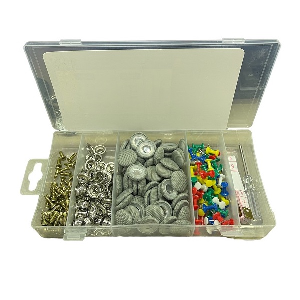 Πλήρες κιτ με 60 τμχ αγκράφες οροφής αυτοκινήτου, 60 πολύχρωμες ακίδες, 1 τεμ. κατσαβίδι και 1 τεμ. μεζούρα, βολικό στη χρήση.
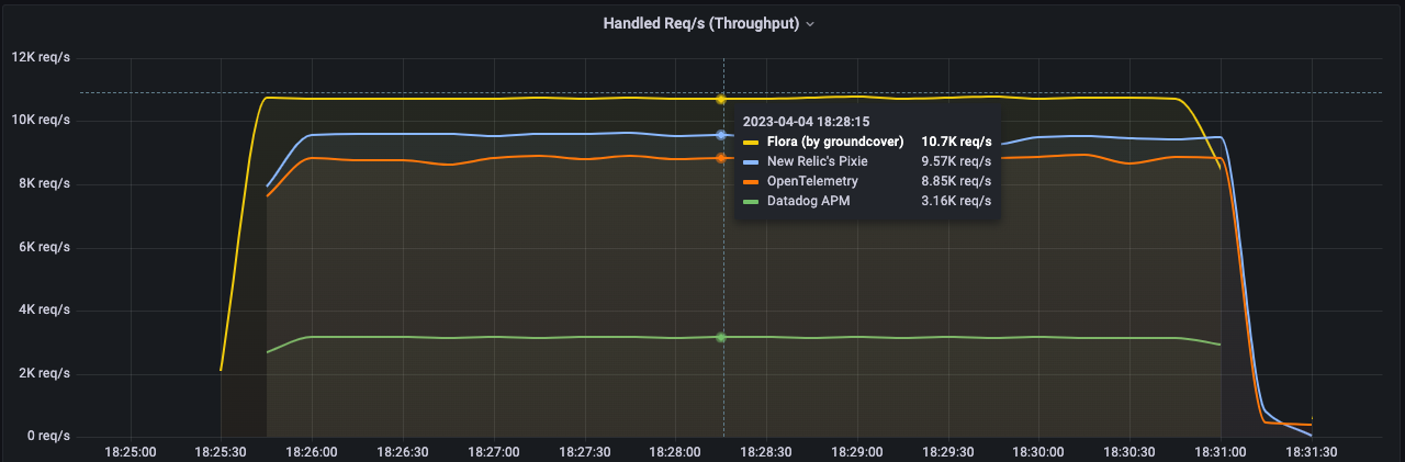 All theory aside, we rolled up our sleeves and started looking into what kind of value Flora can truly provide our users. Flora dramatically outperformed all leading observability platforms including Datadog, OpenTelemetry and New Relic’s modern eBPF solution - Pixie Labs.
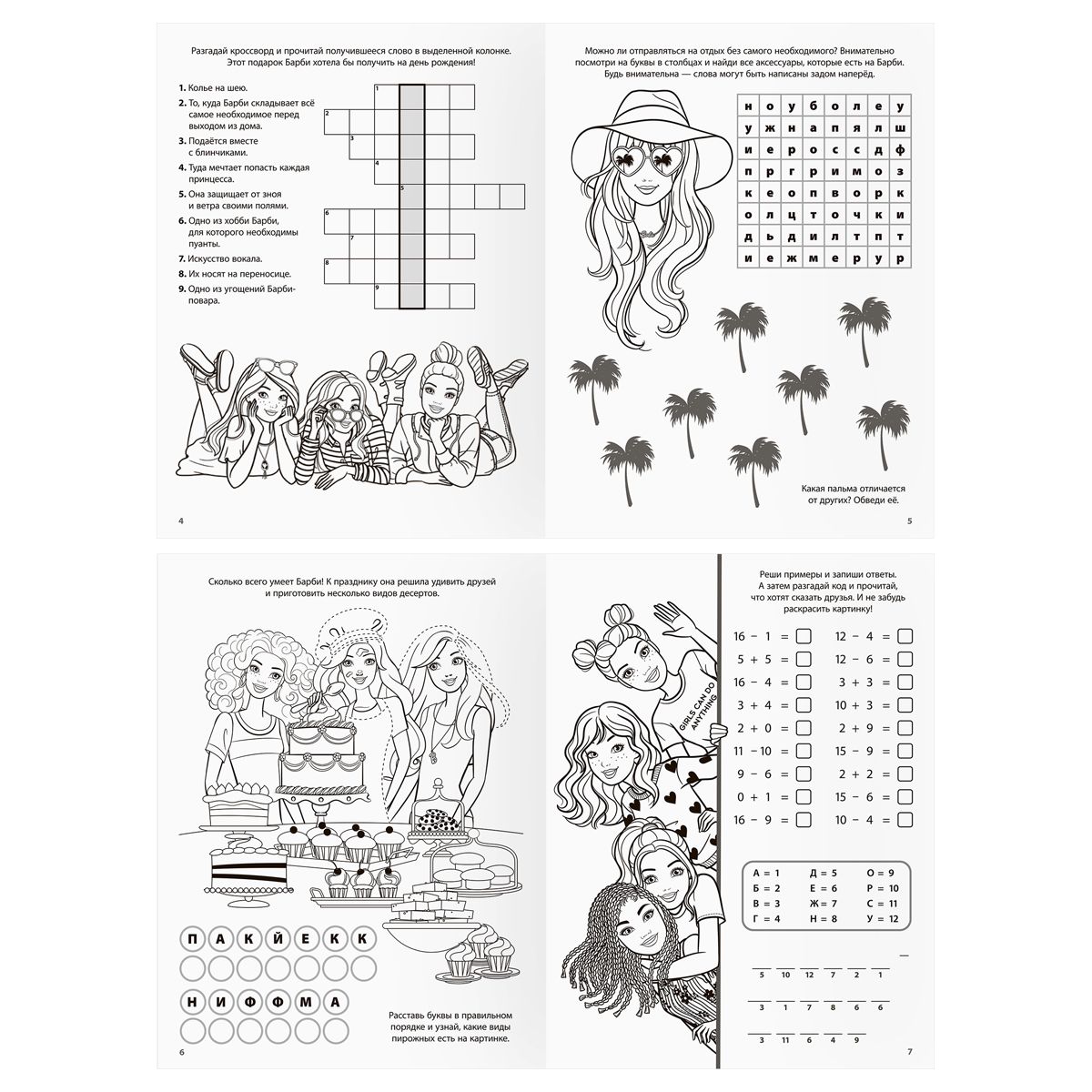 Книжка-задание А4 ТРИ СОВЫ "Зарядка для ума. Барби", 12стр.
---
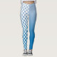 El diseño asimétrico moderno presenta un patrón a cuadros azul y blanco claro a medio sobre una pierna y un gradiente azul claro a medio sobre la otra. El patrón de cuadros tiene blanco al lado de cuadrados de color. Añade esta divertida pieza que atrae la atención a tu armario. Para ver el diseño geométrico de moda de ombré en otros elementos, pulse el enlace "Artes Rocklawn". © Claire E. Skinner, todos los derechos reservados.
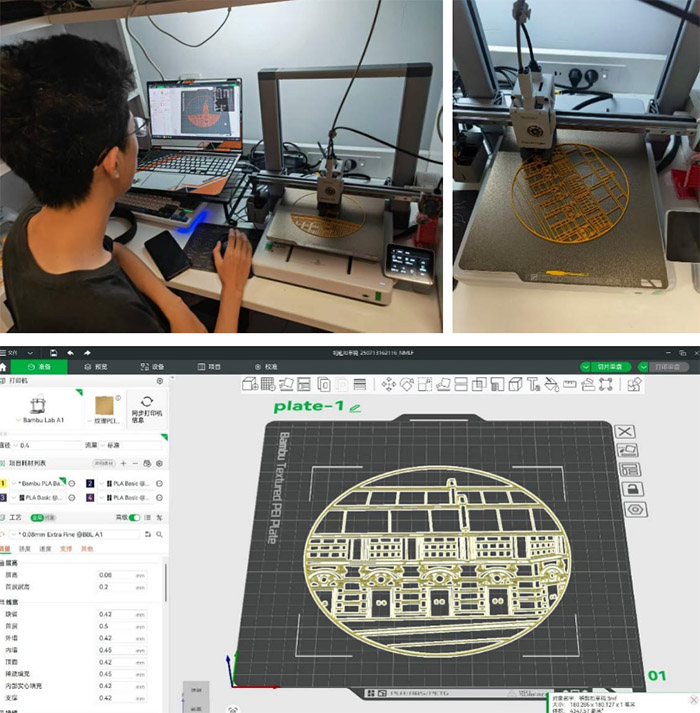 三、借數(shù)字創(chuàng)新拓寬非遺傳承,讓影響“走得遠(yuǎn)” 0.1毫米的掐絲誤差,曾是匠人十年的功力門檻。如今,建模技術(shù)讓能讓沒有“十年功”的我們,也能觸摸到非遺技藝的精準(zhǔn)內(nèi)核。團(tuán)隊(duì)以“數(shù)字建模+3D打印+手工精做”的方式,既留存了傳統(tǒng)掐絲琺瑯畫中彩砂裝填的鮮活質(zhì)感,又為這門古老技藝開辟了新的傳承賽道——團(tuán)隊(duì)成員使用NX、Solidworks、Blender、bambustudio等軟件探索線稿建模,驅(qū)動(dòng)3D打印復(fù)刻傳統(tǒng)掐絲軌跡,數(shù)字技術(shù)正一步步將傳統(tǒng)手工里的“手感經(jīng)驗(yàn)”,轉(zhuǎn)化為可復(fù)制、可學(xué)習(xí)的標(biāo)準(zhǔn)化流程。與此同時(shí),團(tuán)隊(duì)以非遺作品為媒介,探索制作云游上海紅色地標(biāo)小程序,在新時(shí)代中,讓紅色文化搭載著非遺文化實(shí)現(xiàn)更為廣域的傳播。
* * *
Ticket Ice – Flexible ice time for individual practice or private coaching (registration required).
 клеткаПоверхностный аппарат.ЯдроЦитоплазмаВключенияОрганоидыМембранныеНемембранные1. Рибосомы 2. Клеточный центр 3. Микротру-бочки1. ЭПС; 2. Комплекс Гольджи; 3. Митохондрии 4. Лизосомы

Task statement: Pictures do not belong in the answer. Return the lines above starting at the one with "Πλήρες κιτ με" and ending at the one with "Книжка-задание А4 ТРИ", both kept, exactly.

Response area:
 Πλήρες κιτ με 60 τμχ αγκράφες οροφής αυτοκινήτου, 60 πολύχρωμες ακίδες, 1 τεμ. κατσαβίδι και 1 τεμ. μεζούρα, βολικό στη χρήση.
 All theory aside, we rolled up our sleeves and started looking into what kind of value Flora can truly provide our users. Flora dramatically outperformed all leading observability platforms including Datadog, OpenTelemetry and New Relic’s modern eBPF solution - Pixie Labs.
 Книжка-задание А4 ТРИ СОВЫ "Зарядка для ума. Барби", 12стр.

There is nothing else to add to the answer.